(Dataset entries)

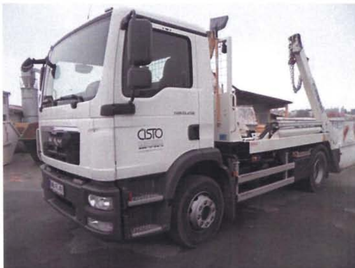
Fotografija 14: Vozilo za prevoz kontejnerjev

Za zbiranje in prevoz odpadkov iz zbirnih centrov, uporabljamo specialna komunalna vozila za odvoz kontejnerjev večjega volumna:
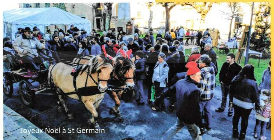
Joyeux Noël à St Germain
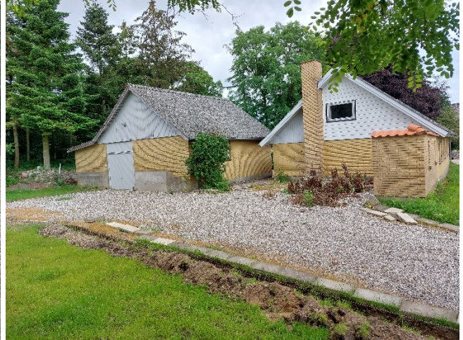
Udsende juli 2024
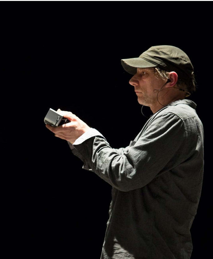
The Encounter Complicite / Simon McBurney

tra of Syrian Musicians. Ze traden op in Carré met een keur aan internationale gastartiesten: Paul Weller, Noura Mint Seymali, Bassekou Kouyaté, Bu Kolthoum, Eslam Jawaad, Faia Younan, Malikah, Mounir Troudi, Rachid Taha en natuurlijk Albarn zelf. In het publiek zaten ook circa vierhonderd uitgenodigde asielzoekers uit verschillende COA-locaties.

_Problem statement_.
Starting at the line above with "Za zbiranje in", output every line exactly up to and including the line with "The Encounter Complicite / Simon McBurney", but none of the pictures.

_Exercise solution_.
Za zbiranje in prevoz odpadkov iz zbirnih centrov, uporabljamo specialna komunalna vozila za odvoz kontejnerjev večjega volumna:
Joyeux Noël à St Germain
Udsende juli 2024
The Encounter Complicite / Simon McBurney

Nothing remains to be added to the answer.